Ev adalah tipikal wanita yang antipologami. Kiblatnya sama seperti wanita-wanita yang enggan dipoligami karena urusan hati. Dulu Ev menyanggupi pernikahan dengan Darren, karena pria itu juga berjanji tidak akan melanggar perjanjian mereka. Saat ini, karena pria itu sudah berani melanggar, maka tidak ada alasan lagi bagi Ev untuk bertahan.


Sekelas Gusti Nurul yang merupakan putri keraton Mangkunegara yang dipuja lantaran memiliki kecantikan, kecerdasan, dan pemikiran yang modern saja, juga selalu berpegang teguh pada prinsip antipologami. Oleh karena itu, beliau berani menolak dengan halus para tokoh besar di tanah air yang terpikat pesonanya. Sebut saja Ir. Soekarno, Sultan Sjahrir, dan Sri Sultan Hamengkubuwono IX.


Selain itu, pernikahan Darren dan Ella dapat dianggap tidak sah jika Ev tidak ikhlas. Mengingat Ev adalah istri pertama Darren. Persetujuan istri pertama bersifat penting sebagai syarat bahwa perkawinan resmi di mata hukum. Secara hukum, diperlukan surat izin dan syarat lain ketika suami hendak melakukan poligami. Pengadilan agama dapat menganggap sebuah pernikahan batal, jika tidak mendapat restu atau rasa ikhlas dari istri pertama. Tanpa persetujuan istri pertama, pernikahan tersebut tidak sah dan cacat hukum. Hal ini tertuang dalam UU no. 1 tahun 1974.


“Jangan begini, Ev. kamu tahu sendiri jika perceraian bukanlah sesuatu yang Tuhan sukai.”


Darren lagi-lagi terbungkam. Ev dan pemikiran kritisnya tidak dapat Darren sanggah, karena dia sendiri datang ke sini tanpa perhitungan.


“Lebih baik kamu pulang, Darren. Kasihan istri kamu yang sedang mengandung,” usir Ev, to the point. “Bayi kalian tidak tahu apa-apa. Jangan sampai karena masalah yang kalian ditimbulkan, bayi yang tidak tahu apa-apa itu harus merasakan dampaknya.”


“Ev….”


“Lain kali, aku akan berpesan kepada maid agar tidak membukakan pintu untuk kamu. Aku sedang tidak ingin diganggu,” ujar Ev final, kemudian berbalik badan.


Namun, sebelum wanita cantik itu benar-benar menaiki pijakan tangga, dia sempat berkata, “kita akan bertemu kembali dalam waktu dekat, jika kamu lupa. Di persidangan.
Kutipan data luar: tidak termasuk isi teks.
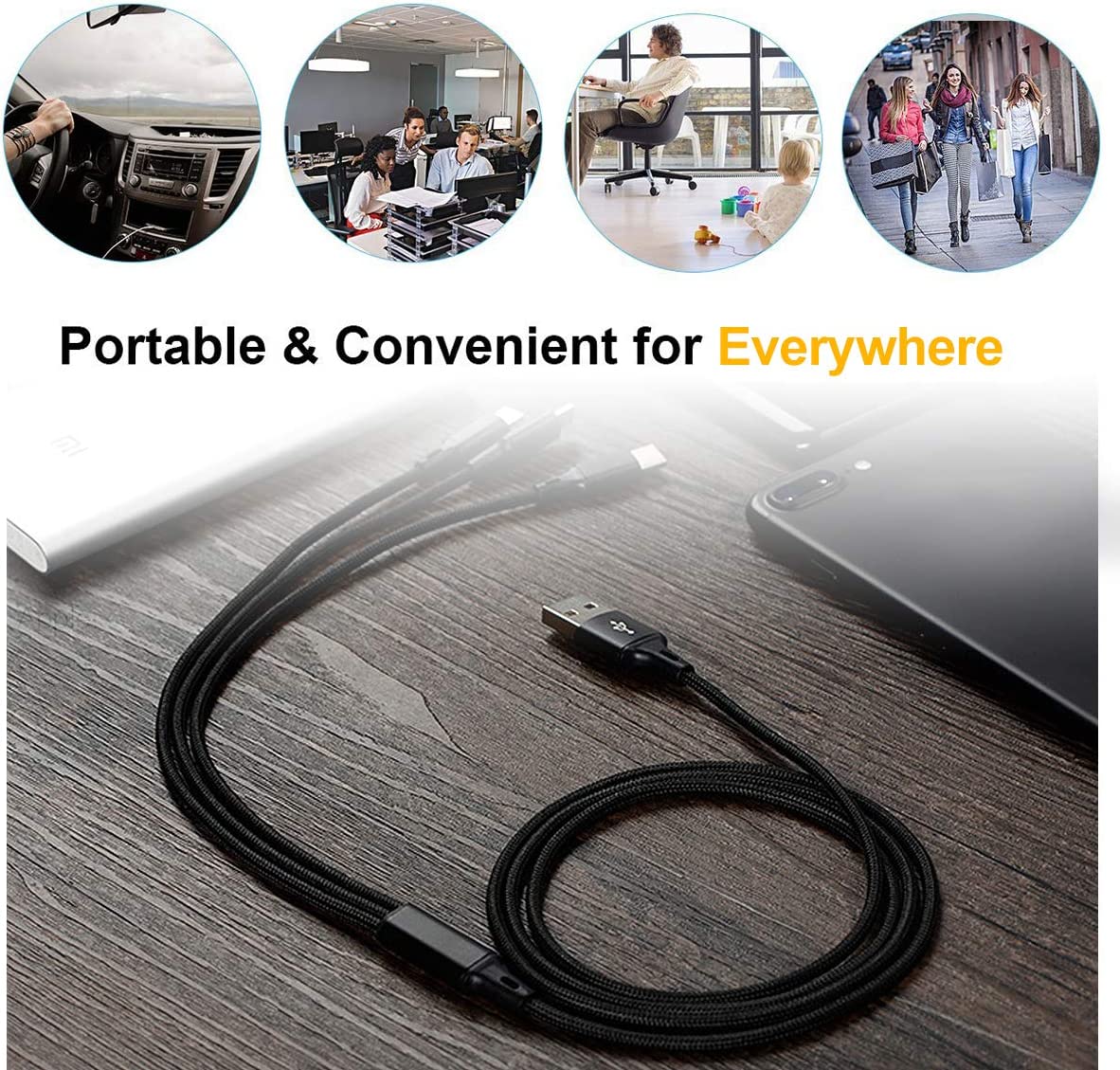 • ✔Perfect Length: 2Pack 4ft multiple phone charging cable enable you to charge your phone at ease, not restricted by the length of cable. And it's super handy to carry. Bring one multi charger cable, meets all your demand.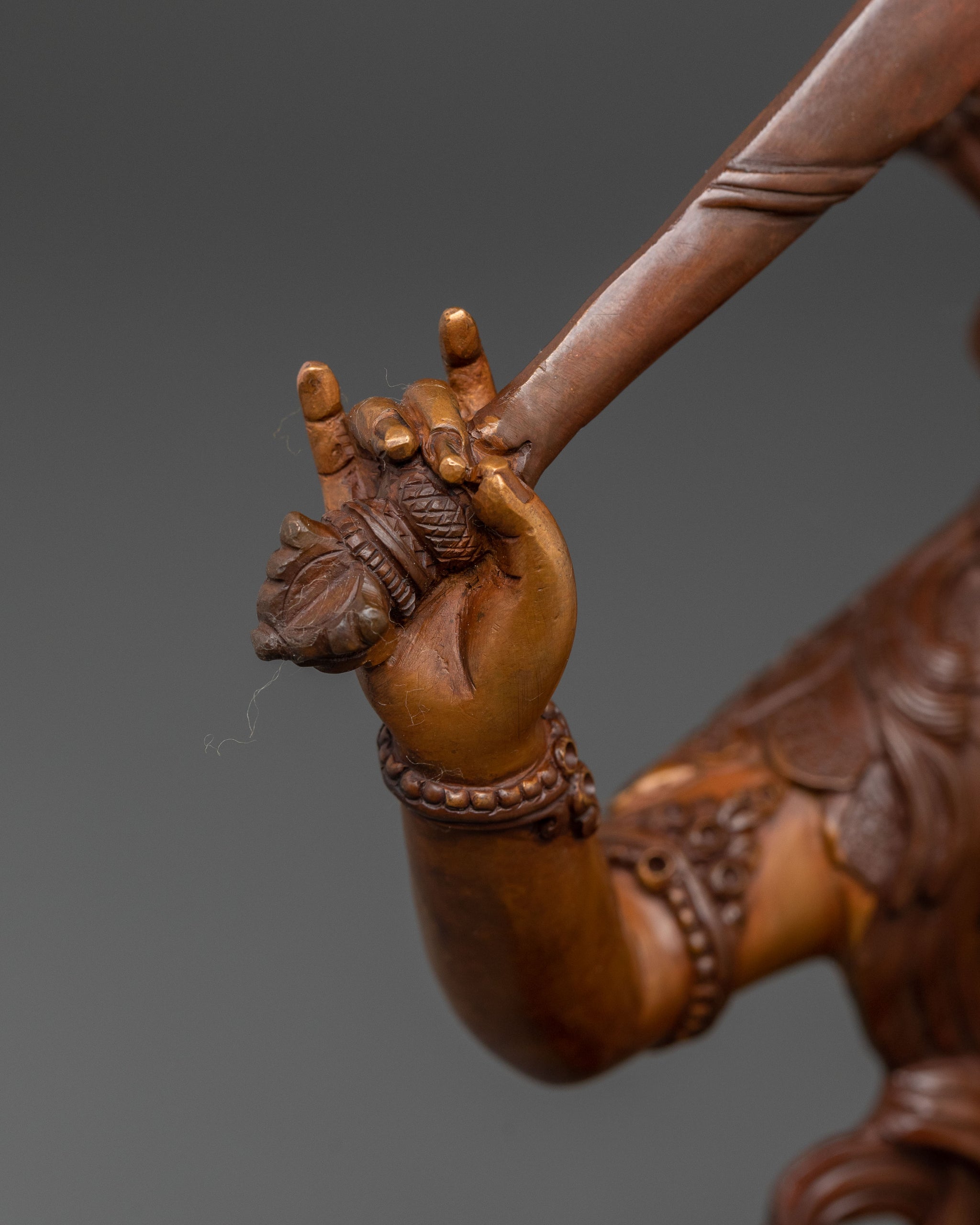 Manjushri's iconic raised sword symbolizes the powerful severing of ignorance and delusion with the sharp edge of wisdom. At the same time, the Prajnaparamita sutra at his heart represents the ultimate truth and transcendental knowledge. This exquisite piece of spiritual decor inspires a clear mind, promoting discernment, profound insight, and understanding on one's personal spiritual path.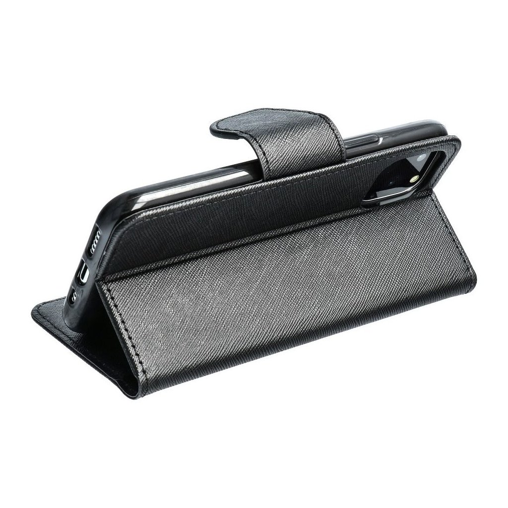 Knižkové puzdro FANCY Book pre SAMSUNG Galaxy J5 2017 čierne spája eleganciu a praktickosť. Magnetické zapínanie, prešívané okraje, 2 vrecká na dokumenty, TV stojan. Vyrobené z kvalitnej technickej kože.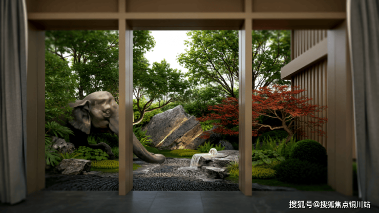 围合式布局筑就递进式归家礼序,社区主入口以酒店式迎宾格局徐徐展开。特选造型松姿迎宾而立,引居者从喧嚣步入宁静;后场花园承载着社交活力与疗愈独处“动见繁盛之境,静生清雅之心”的双重空间体验。在景墙围合之下,叠山理水,以写意笔法勾勒自然轮廓;层林掩映,于秩序中生长盎然意趣。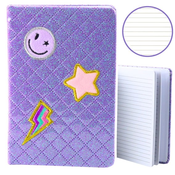 Stylowy notatnik w formacie zbliżonym do B6 z brokatową, fioletową okładką to praktyczne i estetyczne narzędzie do codziennych zapisków. Powierzchnia okładki pokryta została śliskim, laminowanym materiałem, dzięki czemu brokat nie osypuje się i pozostaje trwały nawet przy intensywnym użytkowaniu. Dodatkową ozdobą są kolorowe naszywki w kształcie gwiazdki, uśmiechniętej buźki i błyskawicy, które nadają całości nowoczesnego, młodzieżowego charakteru.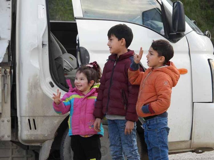 Gümrük kapısındaki İçişleri Bakanlığı Göç İdaresi Başkanlığı'nın mobil hizmet aracında işlemlerini yapan Suriyeliler, Türkiye'ye teşekkür ediyor.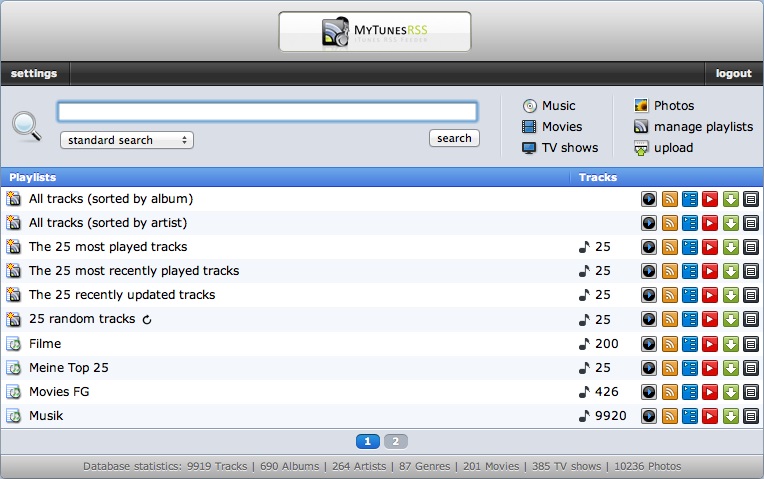 MyTunesRSS Server je Váš osobní mediální server. Neplaťte za ukládání hudby, filmů, televizních pořadů a fotografií v nějakém úložišti typu cloud. Přístup k médiím z kteréhokoli místa na světě, u jiných internetových počítačů nebo mobilním zařízení. Vše, co potřebujete, je webový prohlížeč. Samozřejmě jej můžete také jednoduše použít doma, bez přístupu k internetu ve Vaší síti.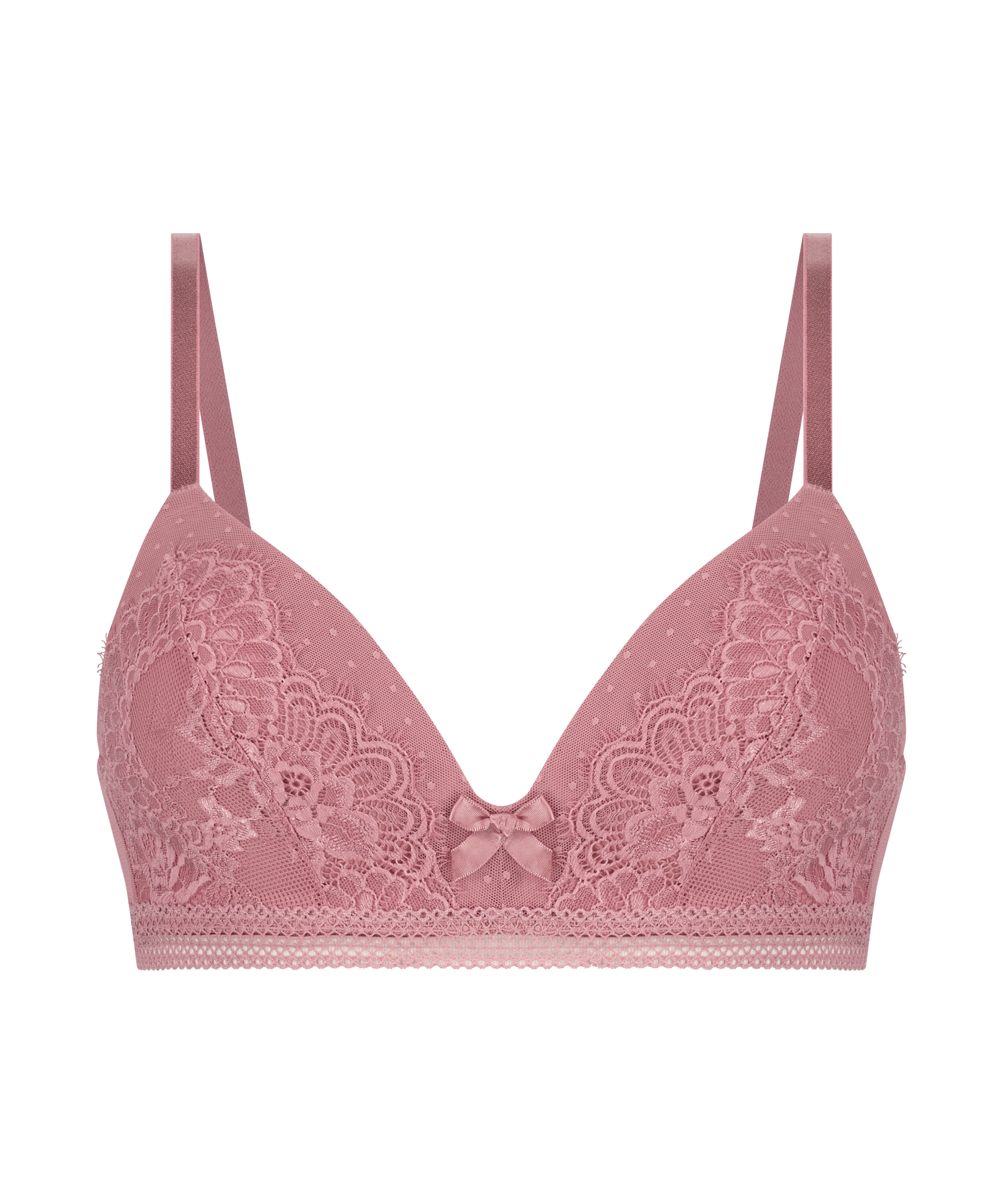 Denne dejlige bh er formstøbt og har ingen bøjle, således at den sidder superkomfortabelt. Bh'en er lavet i et sødt mønster med en blondekant. Kombiner med tilhørende trusse og få et komplet sæt. Hunkemöller i aktion for Pink Ribbon. Ved at købe denne bh støtter du vigtig forskning inden for brystkræft. Støt alle de kvinder, der enten har eller har haft brystkræft. 100 procent af overskuddet bliver doneret til Pink Ribbon.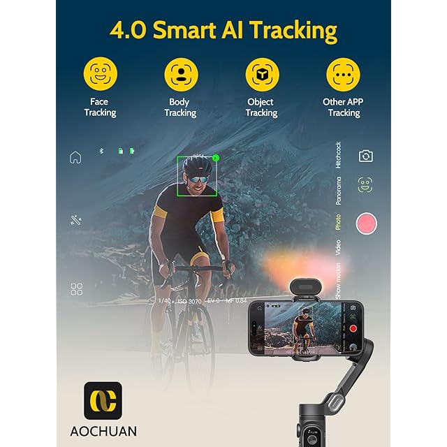 【実用的で便利なアプリ】AOCHUANアプリは、iPhoneとAndroidの両方のスマートフォンに対応する簡単でユーザーフレンドリーなインターフェースを提供します(折りたたみスクリーンは利用できません)。 顔の追跡、ボディトラッキングオブジェクトトラッキング、その他のアプリトラッキングなどのジェスチャーコントロールとAIトラッキングを提供します。パノラマ、広角、ライブブロードキャスト、タイムラプス、モーションディレイなどのさまざまな撮影モードにより、クリエイティブなビジョンを簡単に実現できます。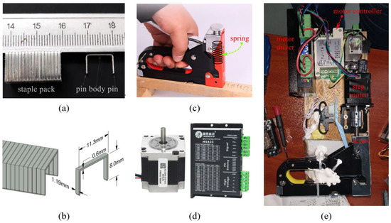 Figure 3. Staples and the automatic staple-inserting device: (a) photo of staples, (b) dimensions of the staple, (c) original stapler for wood fastening, (d) a step motor and its driver, and (e) the upgraded SIA.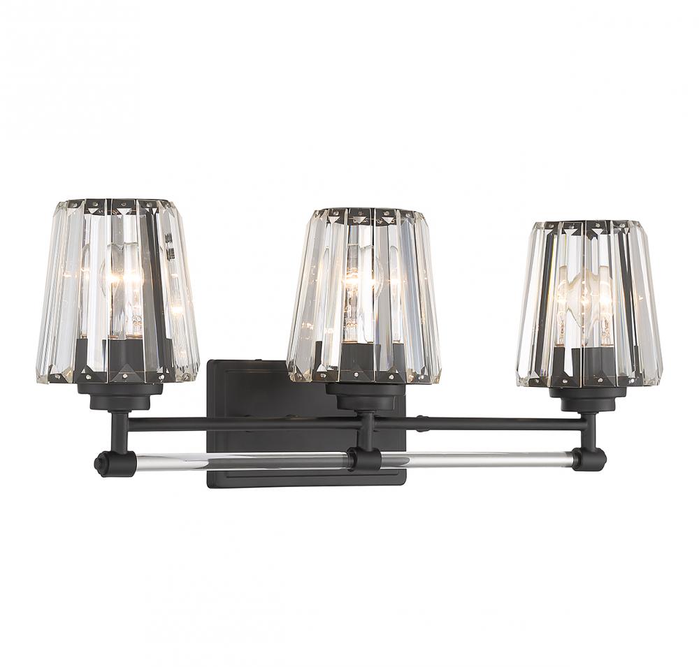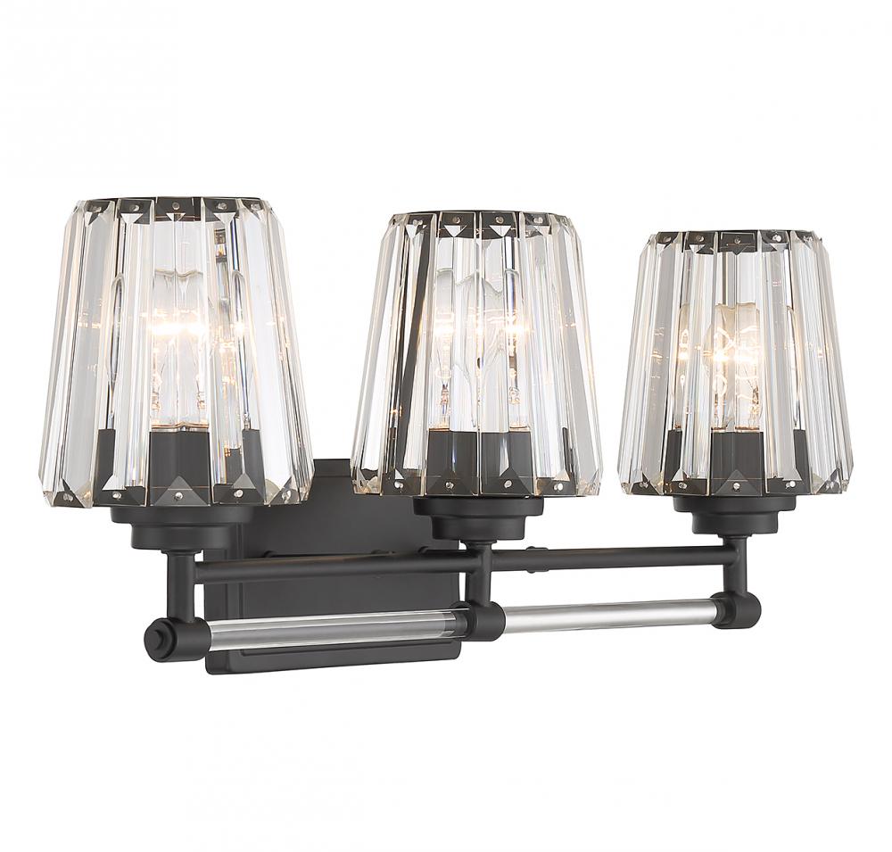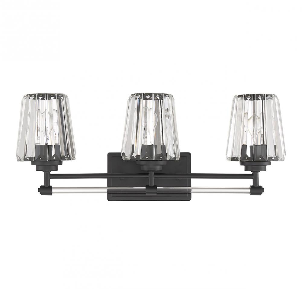 Take the glam factor of your bathroom up a notch with the Savoy House Garnet 3-light bath vanity light! Slats of faceted clear crystal add shimmer while the crystal tube detailing on the arms brings even more shine. Finished in matte black. Garnet is 9.5" in height, 24" in width and extends 7" from the wall. Uses 3 standard size bulbs of up to 60 watts per bulb (bulbs not included).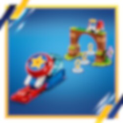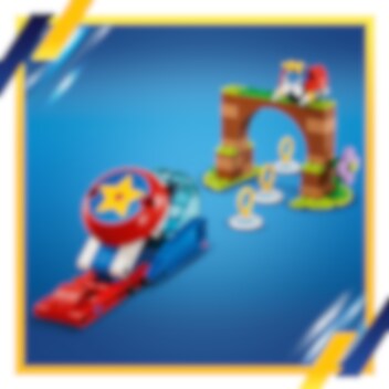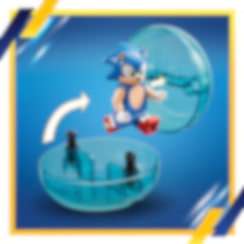 Är du redo att bygga en bana till Sonic? Använd fartklotet för att skicka Sonic genom hindren i hans försök att besegra Moto bug Badnik och rädda Flicky. Använd dina färdigheter för att skjuta iväg Sonic för att samla ringar och ta sig genom portalen och uppför rampen för att nå kaossmaragden. När dagen är räddad kan du leka med figuren av Sonic och chilikorvs- och dj-tillbehören.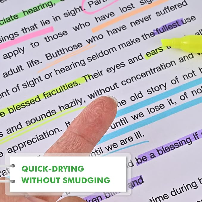 - SAFE AND COMFORTABLE: non-toxic, odor-free, acid-free. Highlighter quality meets MSDS, ASTM, EN71 D-4236 standards. The narrow barrel shape of the highlighter provides a safe utensil and comfortable grip for both children and adults.

Jadi, kamu tidak perlu jauh-jauh mencari aku ke sini.”


Setelah berkata demikian, Ev menaiki pijakan tangga satu persatu. Wanita cantik itu mantap meninggalkan sang suami tanpa menoleh sedikitpun.


Sedangkan Darren yang masih berada di posisi yang sama, hanya bisa menguyar rambut hitamnya kasar. Gagal lagi. Sia-sia saja usahanya memasuki rumah keluarga Atmarendra yang dijaga sangat ketat, karena sang tuan putri yang hendak ditemui menolak mentah-mentah kehadirannya. Katakan saja Darren gegabah dengan datang ke sini. Namun, jalan pikirannya memang sudah tidak bisa singkron dengan keinginan hati.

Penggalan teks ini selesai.